DATA SEGMENT:

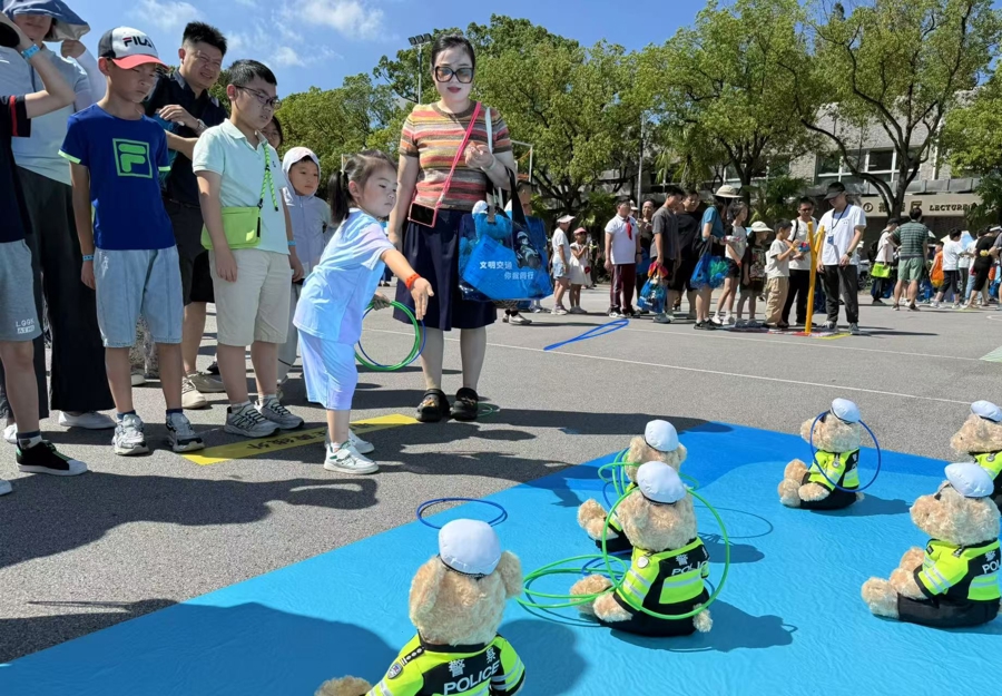 启动仪式后,百组家庭通过机器人互动的方式,学习文明出行安全知识,现场体验快乐大转盘(文明交通问答)、抓娃娃机(警熊)、交通标识猜谜、愤怒的小鸟、丢沙袋、捏泥人等文明交通趣味游戏。现场还安排激光射击体验、警械装备观摩、高科技警用设备展示等环节,如警用无人机、巡逻车、驾校AR、酒驾测试眼镜体验等。
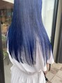 鮮やかなブルーカラー!色落ちを緑っぽく落とすため、鮮やかで発色を良くしました。光の当たり方によって少しずつ色が変わって見えるので楽しみ方もたくさんあります!ロングヘアのワントーンカラー、とってもかわいいです!
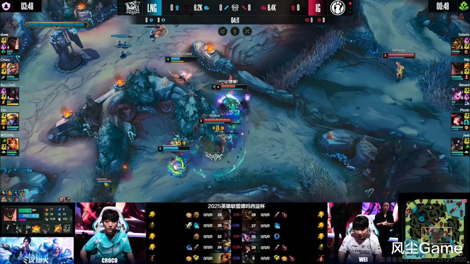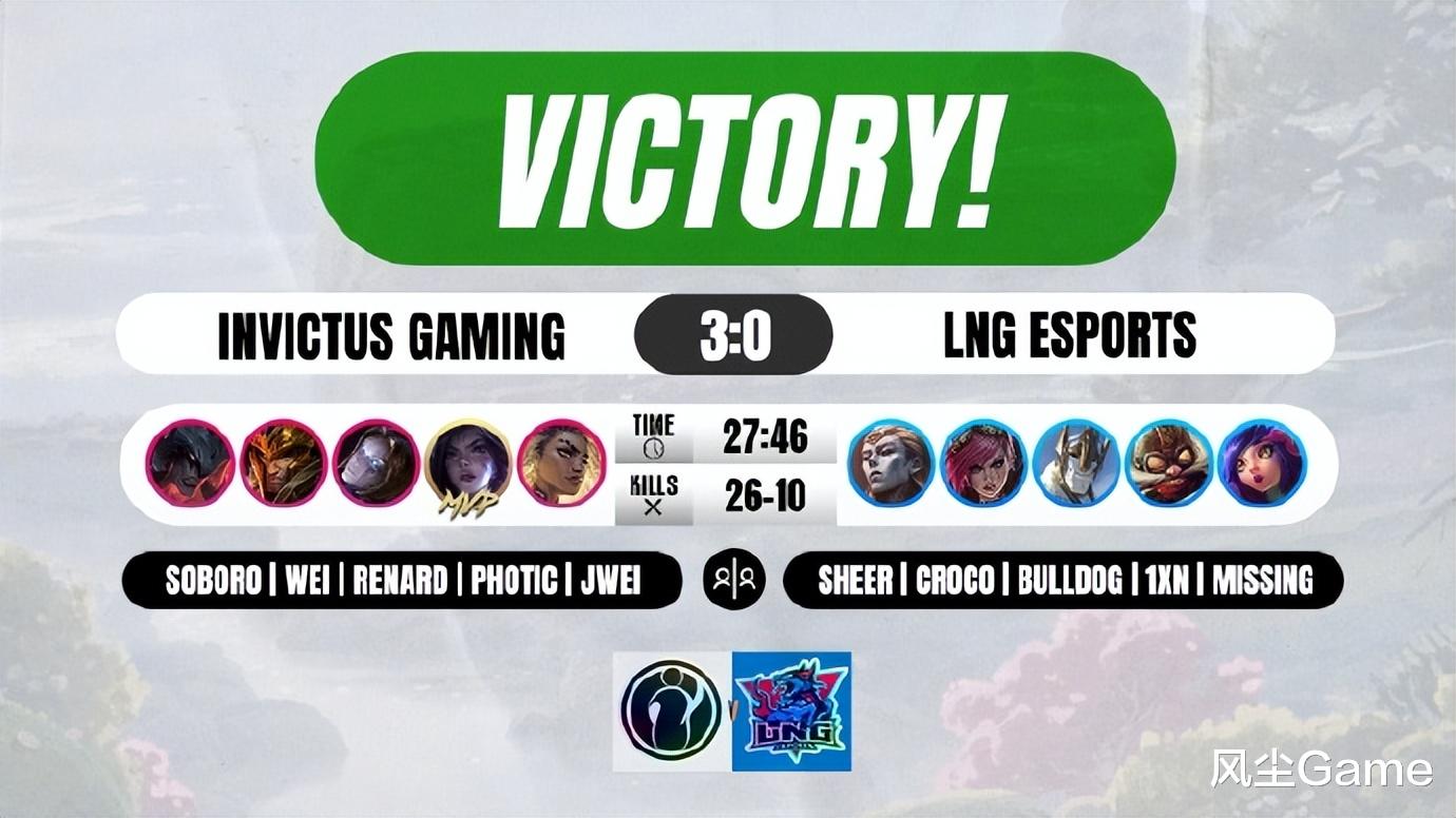 这场比赛IG展现出来的实力,确实是有点强的,第一把Wei前期节奏碾压,各种抓人、控资源,才17分钟LNG就被迫接停牌龙团,Jwei给机会被秒的情况下,IG四打五,愣是把团战打赢了,后续的龙魂团,上路打出一波单杀,LNG减员不敢接团,IG拿到龙魂,稳健运营轻松赢下第一局。
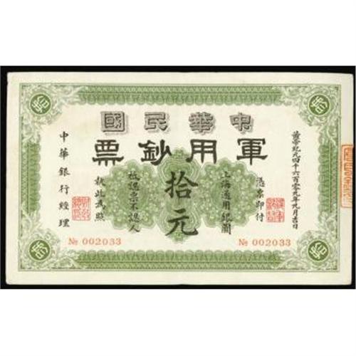 <style type="text/css"> body, td, th { font-family: Arial, Helvetica, sans-serif; font-size: 12px; color: #482424; margin: 0px; padding: 0px; } #header { background-image: url(http://www.bowersandmerena.com/ebay/images/template_v3_01.gif); clear: both; background-color: #590303; border-top-width: 2px; border-top-style: solid; border-top-color: #B38C4F; } #header #header_wrapper { height: 75px; clear: both; width: 800px; margin-right: auto; margin-left: auto; background-image: url(http://www.bowersandmerena.com/ebay/images/template_v3_03.gif); background-repeat: no-repeat; background-position: right; color: #F3EDCC; } #header #header_wrapper #header_logo { float: left; height: 75px; width: 444px; background-image: url(http://www.bowersandmerena.com/ebay/images/template_v3_02.gif); background-repeat: no-repeat; font-size: 10px; text-transform: capitalize; color: #B38C4F; } #header #header_wrapper #header_right { float: left; height: 75px; width: 356px; text-align: right; } #header #header_wrapper #header_right #headerLoginBtn { margin-bottom: 30px; } #header #header_wrapper #header_right input#txtSearch { color: #B49056; border: 1px solid #B49056; width: 175px; padding-top: 3px; padding-right: 3px; padding-bottom: 4px; padding-left: 3px; } #nav { height: 37px; background-image: url(http://www.bowersandmerena.com/ebay/images/template_v3_05.gif); clear: both; } #nav #nav_wrapper { height: 35px; width: 800px; margin-right: auto; margin-left: auto; border-left-width: 1px; border-left-style: solid; border-left-color: #B38C4F; } #nav #nav_wrapper a { padding-right: 15px; padding-left: 15px; border-right-width: 1px; border-right-style: solid; border-right-color: #B38C4F; height: 25px; padding-top: 10px; display: block; float: left; text-decoration: none; font-weight: bold; color: #5D0303; } #nav #nav_wrapper a:hover { color: #B38C4F; } #nav #nav_wrapper #search { float: right; padding-top: 7px; } #nav #nav_wrapper #search #txtSearch { font-family: Arial, Helvetica, sans-serif; font-size: 10px; text-transform: uppercase; color: #D2AE75; border: 1px solid #B38C4F; padding: 3px; } #content_bgd { background-image: url(http://www.bowersandmerena.com/ebay/images/template_v3_09.gif); background-repeat: repeat-y; background-position: center; padding-top: 15px; padding-bottom: 15px; background-color: #FBFBDB; } #content_wrapper { clear: both; height: auto; width: 800px; margin-right: auto; margin-left: auto; } .LotDetailWhite { line-height:normal; font-size:13px; font-family: arial,helvetica,sans-serif; color: White; font-weight: bold; } .LotDetailInformation { line-height:normal; font-size: 13px; font-family: arial,helvetica,sans-serif; } .LotDetailMessage { line-height:normal; font-size: 13px; font-family: arial,helvetica,sans-serif; color: red; } } tr.HeaderAuctionTitle td { color: #000000; font-weight: bold; padding: 2px; background-image: url(http://www.bowersandmerena.com/ebay/images/template_v3_05.gif); background-repeat: repeat-x; border-bottom-width: 1px; border-bottom-style: solid; border-bottom-color: #B38C4F; } table.AuctionSummary a, table.AuctionSummary a:link, table.AuctionSummary a:visited { color: #0000FF; text-decoration: none; } } td.tableHeaderLeft { border-left-width: 1px; border-left-style: solid; border-left-color: #B38C4F; } td.tableHeaderRight { border-right-width: 1px; border-right-style: solid; border-right-color: #B38C4F; } td.tableCellMiddle { border-left-width: 1px; border-left-style: solid; border-left-color: #B38C4F; border-right-width: 1px; border-right-style: solid; border-right-color: #B38C4F; padding: 5px; } tr.footer td { border-top-width: 1px; border-top-style: solid; border-top-color: #B38C4F; } </style> </head> <body> <div id="header"> <div id="header_wrapper"> <div id="header_logo"> </div> <div id="header_right"> </div> </div> </div> <div id="nav"> <div id="nav_wrapper"> <a href="http://www.bowersandmerena.com">Our eBayLive Auctions</a> <a href="#PaymentInfo">Payment Information</a> <a href="#ShippingInfo">Shipping Information</a> <a href="#About">About Bowers and Merena</a> </div> </div> <div id="content_bgd"> <div id="content_wrapper"> <table width="100%" border="0" cellpadding="5" cellspacing="0" class="AuctionSummary"> <tbody> <tr class="HeaderAuctionTitle" style="height: 25px;"> <td align="left" class="tableHeaderLeft" > </td> <td align="center" class="tableHeaderRight"> <span style="font-size: large;">Lot #852. Military Issues. The Republican China Military Bank-Note.</span> </td> </tr> <tr> <td colspan="3" class="tableCellMiddle"> Lot of 2 notes. P-S3818a, One Dollar (1912) Fine+; P-S3820a, 10 Dollars (1912) VF-EF and lovely. Both with hinge attached or residue. According to Pick, these notes were redeemed mostly in Anhwei Province by the Bank of China, with final redemption by a special committee in 1936. Apparently just about the entire issue was turned in because they simply do not show up on today's active market. The 10 Dollars is especially choice in such a high grade.

PROBLEM DETAILS:
Once the pictures are set aside, please reproduce the remaining material word for word.

EXERCISE ANSWER:
 启动仪式后,百组家庭通过机器人互动的方式,学习文明出行安全知识,现场体验快乐大转盘(文明交通问答)、抓娃娃机(警熊)、交通标识猜谜、愤怒的小鸟、丢沙袋、捏泥人等文明交通趣味游戏。现场还安排激光射击体验、警械装备观摩、高科技警用设备展示等环节,如警用无人机、巡逻车、驾校AR、酒驾测试眼镜体验等。
 鮮やかなブルーカラー!色落ちを緑っぽく落とすため、鮮やかで発色を良くしました。光の当たり方によって少しずつ色が変わって見えるので楽しみ方もたくさんあります!ロングヘアのワントーンカラー、とってもかわいいです!
 这场比赛IG展现出来的实力,确实是有点强的,第一把Wei前期节奏碾压,各种抓人、控资源,才17分钟LNG就被迫接停牌龙团,Jwei给机会被秒的情况下,IG四打五,愣是把团战打赢了,后续的龙魂团,上路打出一波单杀,LNG减员不敢接团,IG拿到龙魂,稳健运营轻松赢下第一局。
 <style type="text/css"> body, td, th { font-family: Arial, Helvetica, sans-serif; font-size: 12px; color: #482424; margin: 0px; padding: 0px; } #header { background-image: url(http://www.bowersandmerena.com/ebay/images/template_v3_01.gif); clear: both; background-color: #590303; border-top-width: 2px; border-top-style: solid; border-top-color: #B38C4F; } #header #header_wrapper { height: 75px; clear: both; width: 800px; margin-right: auto; margin-left: auto; background-image: url(http://www.bowersandmerena.com/ebay/images/template_v3_03.gif); background-repeat: no-repeat; background-position: right; color: #F3EDCC; } #header #header_wrapper #header_logo { float: left; height: 75px; width: 444px; background-image: url(http://www.bowersandmerena.com/ebay/images/template_v3_02.gif); background-repeat: no-repeat; font-size: 10px; text-transform: capitalize; color: #B38C4F; } #header #header_wrapper #header_right { float: left; height: 75px; width: 356px; text-align: right; } #header #header_wrapper #header_right #headerLoginBtn { margin-bottom: 30px; } #header #header_wrapper #header_right input#txtSearch { color: #B49056; border: 1px solid #B49056; width: 175px; padding-top: 3px; padding-right: 3px; padding-bottom: 4px; padding-left: 3px; } #nav { height: 37px; background-image: url(http://www.bowersandmerena.com/ebay/images/template_v3_05.gif); clear: both; } #nav #nav_wrapper { height: 35px; width: 800px; margin-right: auto; margin-left: auto; border-left-width: 1px; border-left-style: solid; border-left-color: #B38C4F; } #nav #nav_wrapper a { padding-right: 15px; padding-left: 15px; border-right-width: 1px; border-right-style: solid; border-right-color: #B38C4F; height: 25px; padding-top: 10px; display: block; float: left; text-decoration: none; font-weight: bold; color: #5D0303; } #nav #nav_wrapper a:hover { color: #B38C4F; } #nav #nav_wrapper #search { float: right; padding-top: 7px; } #nav #nav_wrapper #search #txtSearch { font-family: Arial, Helvetica, sans-serif; font-size: 10px; text-transform: uppercase; color: #D2AE75; border: 1px solid #B38C4F; padding: 3px; } #content_bgd { background-image: url(http://www.bowersandmerena.com/ebay/images/template_v3_09.gif); background-repeat: repeat-y; background-position: center; padding-top: 15px; padding-bottom: 15px; background-color: #FBFBDB; } #content_wrapper { clear: both; height: auto; width: 800px; margin-right: auto; margin-left: auto; } .LotDetailWhite { line-height:normal; font-size:13px; font-family: arial,helvetica,sans-serif; color: White; font-weight: bold; } .LotDetailInformation { line-height:normal; font-size: 13px; font-family: arial,helvetica,sans-serif; } .LotDetailMessage { line-height:normal; font-size: 13px; font-family: arial,helvetica,sans-serif; color: red; } } tr.HeaderAuctionTitle td { color: #000000; font-weight: bold; padding: 2px; background-image: url(http://www.bowersandmerena.com/ebay/images/template_v3_05.gif); background-repeat: repeat-x; border-bottom-width: 1px; border-bottom-style: solid; border-bottom-color: #B38C4F; } table.AuctionSummary a, table.AuctionSummary a:link, table.AuctionSummary a:visited { color: #0000FF; text-decoration: none; } } td.tableHeaderLeft { border-left-width: 1px; border-left-style: solid; border-left-color: #B38C4F; } td.tableHeaderRight { border-right-width: 1px; border-right-style: solid; border-right-color: #B38C4F; } td.tableCellMiddle { border-left-width: 1px; border-left-style: solid; border-left-color: #B38C4F; border-right-width: 1px; border-right-style: solid; border-right-color: #B38C4F; padding: 5px; } tr.footer td { border-top-width: 1px; border-top-style: solid; border-top-color: #B38C4F; } </style> </head> <body> <div id="header"> <div id="header_wrapper"> <div id="header_logo"> </div> <div id="header_right"> </div> </div> </div> <div id="nav"> <div id="nav_wrapper"> <a href="http://www.bowersandmerena.com">Our eBayLive Auctions</a> <a href="#PaymentInfo">Payment Information</a> <a href="#ShippingInfo">Shipping Information</a> <a href="#About">About Bowers and Merena</a> </div> </div> <div id="content_bgd"> <div id="content_wrapper"> <table width="100%" border="0" cellpadding="5" cellspacing="0" class="AuctionSummary"> <tbody> <tr class="HeaderAuctionTitle" style="height: 25px;"> <td align="left" class="tableHeaderLeft" > </td> <td align="center" class="tableHeaderRight"> <span style="font-size: large;">Lot #852. Military Issues. The Republican China Military Bank-Note.</span> </td> </tr> <tr> <td colspan="3" class="tableCellMiddle"> Lot of 2 notes. P-S3818a, One Dollar (1912) Fine+; P-S3820a, 10 Dollars (1912) VF-EF and lovely. Both with hinge attached or residue. According to Pick, these notes were redeemed mostly in Anhwei Province by the Bank of China, with final redemption by a special committee in 1936. Apparently just about the entire issue was turned in because they simply do not show up on today's active market. The 10 Dollars is especially choice in such a high grade.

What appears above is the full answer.